To have climbed to almost 6000m above sea level is an achievement on a grand scale. One that can re-define your life. You’ll need to draw on all of your inner resources to reach the summit. Climbing Kilimanjaro stretches your endurance on every level, physically, mentally and emotionally. Described by many climbers as a life-changing experience, you’ll test and build your inner strengths.
Sharing the Kilimanjaro experience with others frequently creates and cements life-long friendships. Along the journey you’ll support each other through the tough times and learn to laugh in the face of adversity.
Over the last few years it’s become an increasingly popular way to raise money for charity. There are many companies who arrange charity climbs. Of course, you can climb and raise money for your favourite charity independently. If your goal is fundraising let us know on booking and we’ll spread the news through our social media links.
Who can climb
Lots of people can climb. Currently over 40,000 people a year attempt the summit challenge.
Climbers must be over 10 years old but there is no upper age limit. The current record holder for the oldest to reach Uhuru peak is an impressive 86 years.
You must be reasonably fit. Your climb experience will much more enjoyable if you have properly prepared yourself. You don’t need to be at athlete level, it’s about endurance not speed. As long as you can do multiple days walking of at least 6 hours per day you should meet the basic fitness levels needed. You can read more about fitness and preparation here.
How to climb
It is not possible to climb Kilimanjaro on your own. You must be accompanied by a Kilimanjaro National Park (KINAPA) registered guide for any walks or climbs within the National Park. Only TALA (Tourist Agents Licensing Authority) licenced operators can buy the permits that are required for entry to the Park. There are some climb companies that ‘sub-contract’ the permit buying to get around being fully licenced.
When to climb
There are two main climbing seasons, Mid June to late October and mid December to mid March.

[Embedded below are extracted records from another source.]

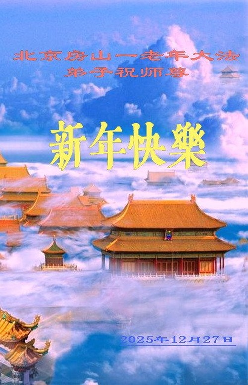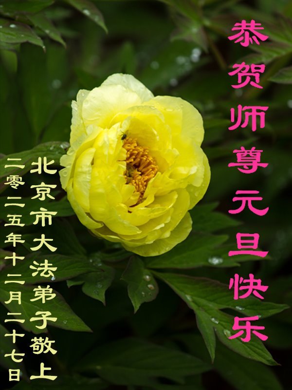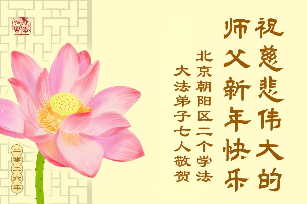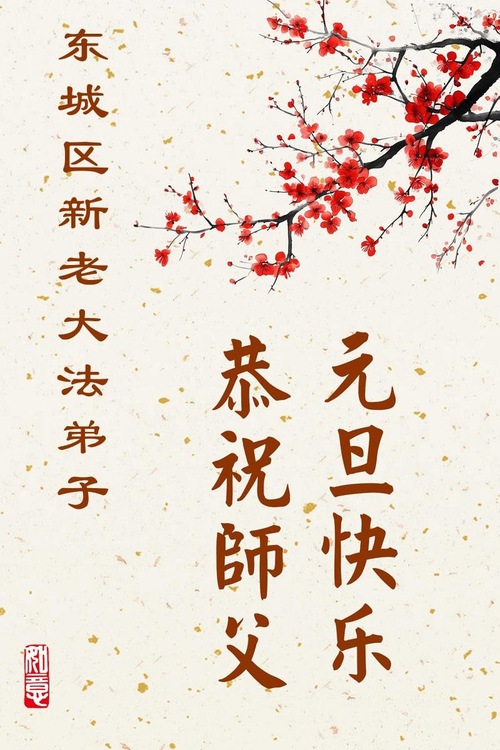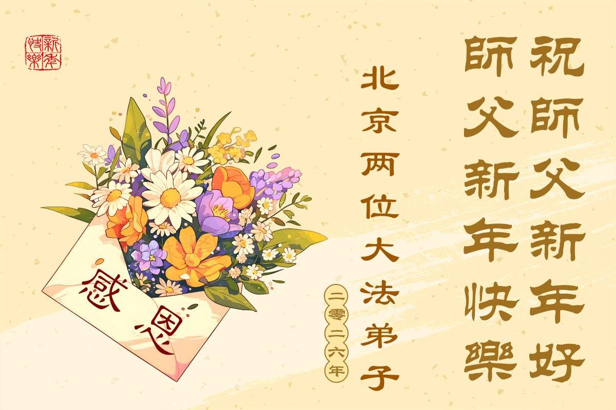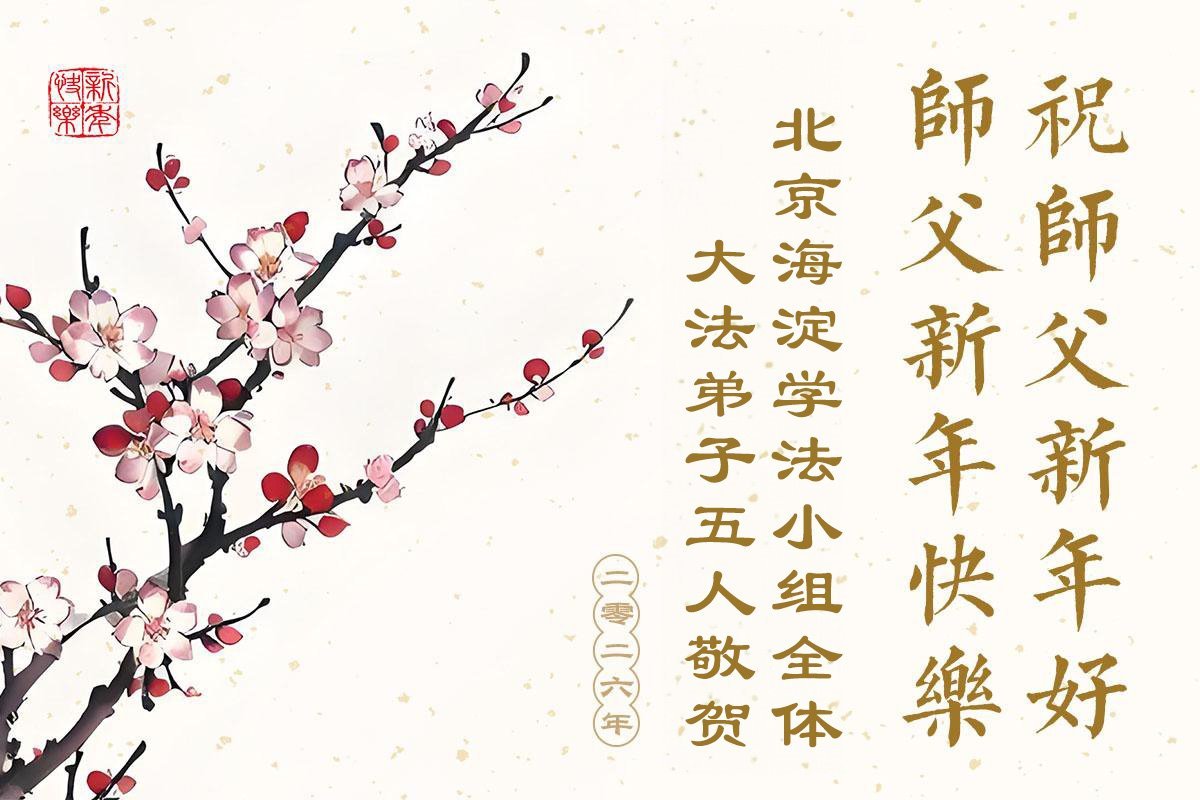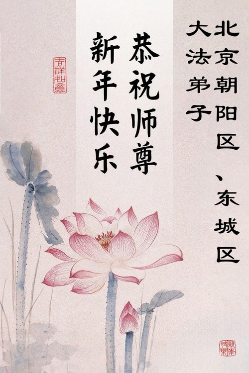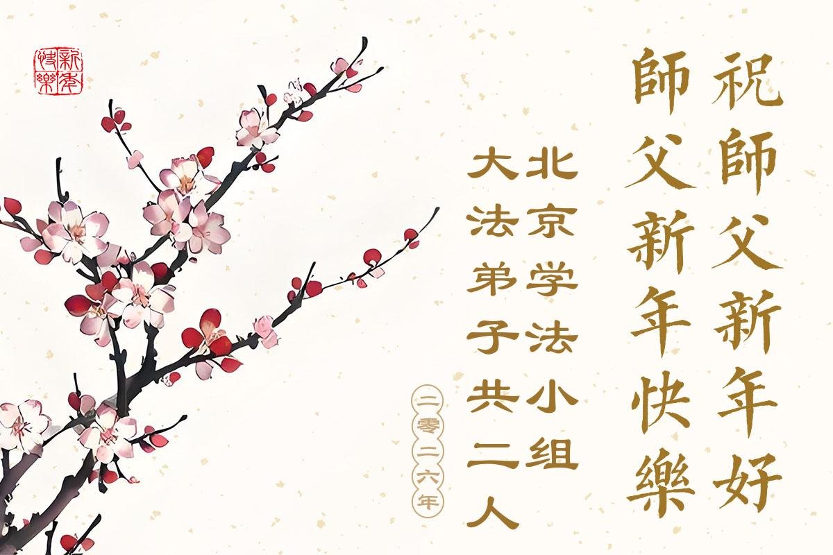 (Minghui.org) Zu Neujahr senden Falun-Dafa-Praktizierende auf der ganzen Welt traditionell Neujahrsgrüße, Grußkarten, Gedichte und Fotos an die Minghui-Website. Damit wünschen sie ihrem verehrten Meister Li Hongzhi ein frohes neues Jahr und bringen dem Meister ihre Dankbarkeit für die barmherzige Errettung zum Ausdruck. Sie geloben, in ihrer Kultivierung fleißig voranzukommen und noch mehr Lebewesen zu erretten. Im Folgenden veröffentlichen wir einen Teil dieser Grüße aus Peking:
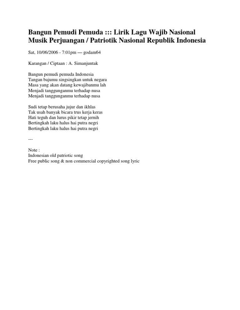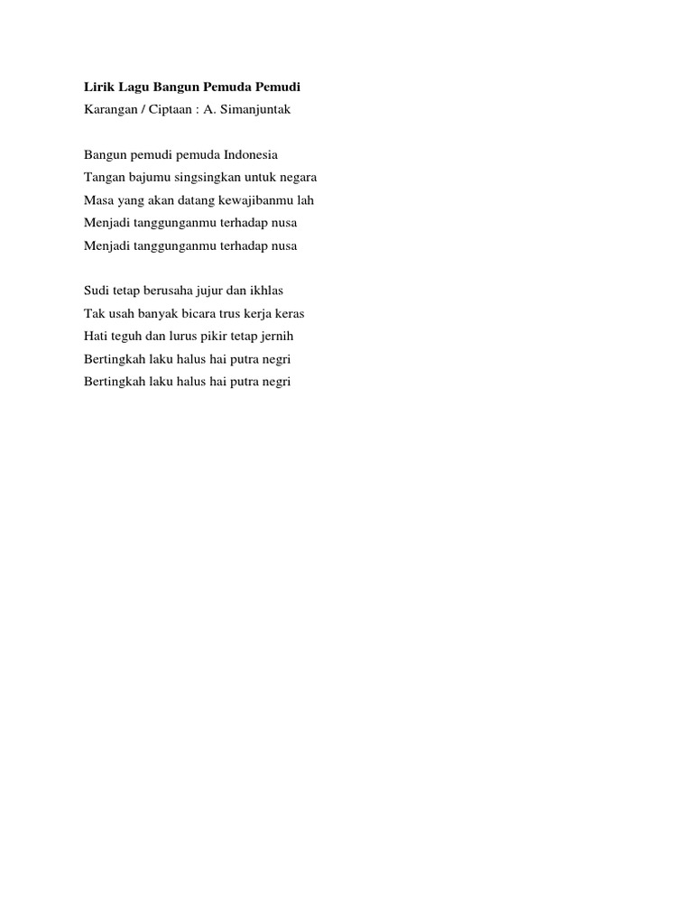 Lirik Lagu Bangun Pemuda Pemudi Pdf
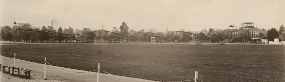 ![]() ![]() Photo of the Adelaide Oval grandstands in 1889 by photographer Ernest Gall. | ||||||||||||||||
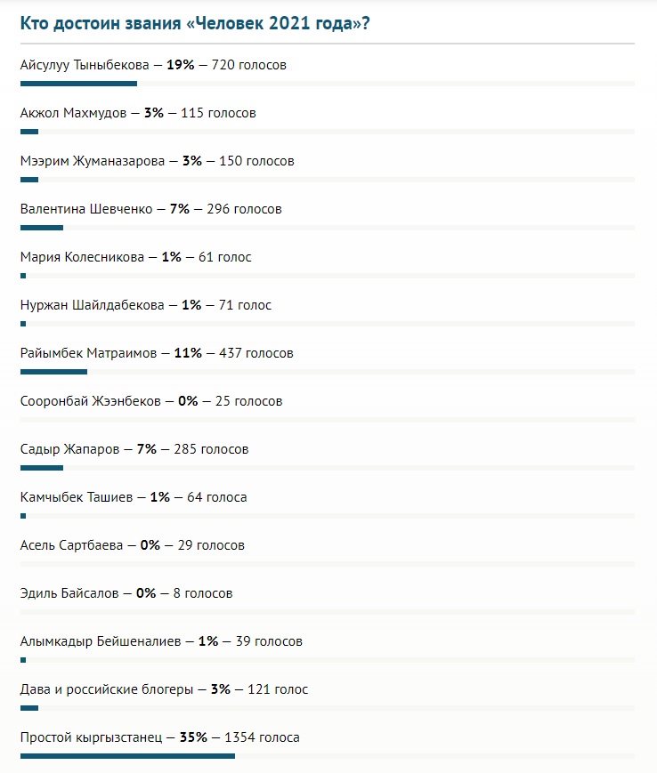Еще 11 процентов, как ни странно, поддержали экс-замглавы таможни Райымбека Матраимова — 437 голосов. Это даже больше, чем Садыр Жапаров (285 голосов). Не набрал и одного процента экс-президент Сооронбай Жээнбеков. У него всего 25 голосов. Редакция 24.kg также провела опрос среди активистов Кыргызстана, у которых была возможность выбрать «Человека 2021 года».
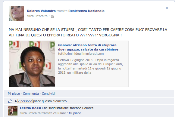 Nei giorni scorsi, Dolores Valandro, consigliera di quartiere della Lega Nord a Padova, dopo aver letto la notizia di un tentativo di stupro fatto da due immigrati nei confronti di una donna ha postato su Fb la notizia commentando “Ma mai nessuno che se la stupri?”  riferendosi alla ministra per l’integrazione Cecile Kienge. Alla ministra va tutta la solidarietà ed il sostegno per gli attacchi da parte di politici della Lega Nord fatti con dichiarazioni oppure  sul web da quando ha ricevuto la nomina.  La solidarietà le è stata manifestata anche dall’associazione nazionale D.i.RE  Donne in Rete contro la violenza.

You can climb at other times of the year but you’re more likely to have inclement weather, especially in the April and May rainy season. Over recent years ,however, the rains have been less likely to follow the typical patterns and you might have a climb in mid November with no rain at all.
June and July are the coldest months, but the weather is often more stable with a greater chance of days with clear skies and fabulous views of Kibo.
August and September tend to be very busy. Mid December, January and February are warmer but usually wetter. With a peak in climbers on the mountain over Christmas and New Year.
Mountain weather is inherently unpredictable so you must always be prepared for the worst possible conditions and hope for the best.